Jean-Pierre Salgas. – Dans le même texte, l’écrivain flaubertien que vous êtes se saisit de Stendhal comme étendard, renouant avec une manière de combattre la modernité, votre héritage pourtant, lourdement hypothéquée par les « hussards »… Je peux me tromper.

Pascal Quignard. – Il n’y a pas un gramme d’anti-intellectualisme dans ma position. J’ai le plus grand plaisir à lire Canetti, Bataille, Ricoeur, Redfield, Bourdieu, toutes les oeuvres animées par une grande passion intellectuelle… Je ne serai antithéoricien que face à des pensées dessoudées de leur objet, pour qui penser n’est pas vivre. Alors, Stendhal : le Stendhal que j’aime est le Stendhal qui est en guerre ouverte avec la mélancolie. Celui qui est en porte à faux avec son temps, irreligieux, indépendant, amoureux, polytrope. Le Flaubert que je n’aime pas est le courtisan monostyle, celui qui a sur sa cheminée un buste de Bouddha qui conduit en droite ligne à Leconte de Lisle et à Marguerite Yourcenar.

Jean-Pierre Salgas. – Vous vous sentez concerné par les débats qui courent, sur la pensée dans le roman, de Sartre à Deleuze, et de Musil à Kundera ?

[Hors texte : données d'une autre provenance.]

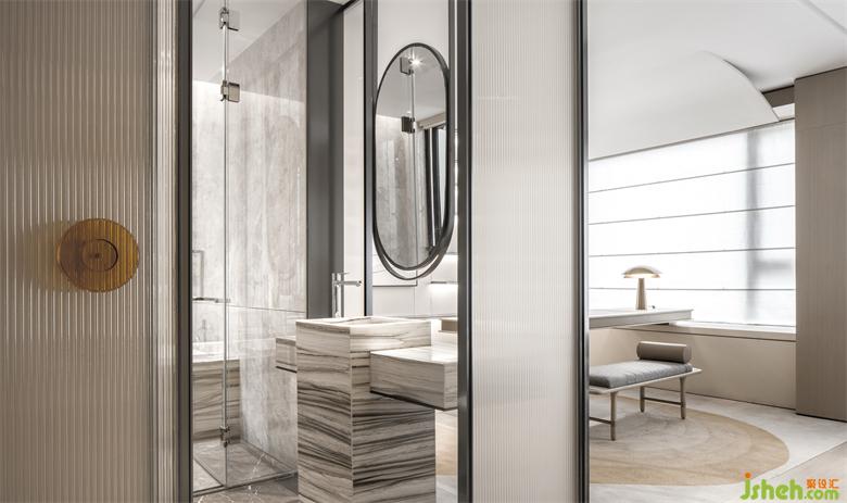 半透明的長虹玻璃隔墻使空間邊界模糊,擺脫傳統(tǒng)的以隔墻來控制布局的模式,疊墅樣板房設(shè)計(jì)使空間靈活多變,在保證私密性的同時(shí),使空間更具動(dòng)態(tài)與實(shí)用性。

Pascal Quignard. – Pas du tout. Car même dans les Petits Traités, je ne crois pas que j’affectionne un genre. Sinon pour le pervertir. La seule chose que je cherche, c’est le non-genre qui permette l’intégration du noétique, de l’affectif, etc. Il n’y a pas de genre privilégié. Ecrire n’est pas un choix mais un symptôme. Ce n’est pas mon métier, c’est ma vie. Le langage est auto-traduction de tout. S’il permet de supprimer le poids d’un prénom, d’une culture, d’une société, alors il joue sa fonction vivante. Je ne vois pas de différence de ce point de vue entre un conte pour enfants, le Parmenide ou les Liaisons dangereuses. C’est la même quête pour tâtonner toujours plus profond dans le noir.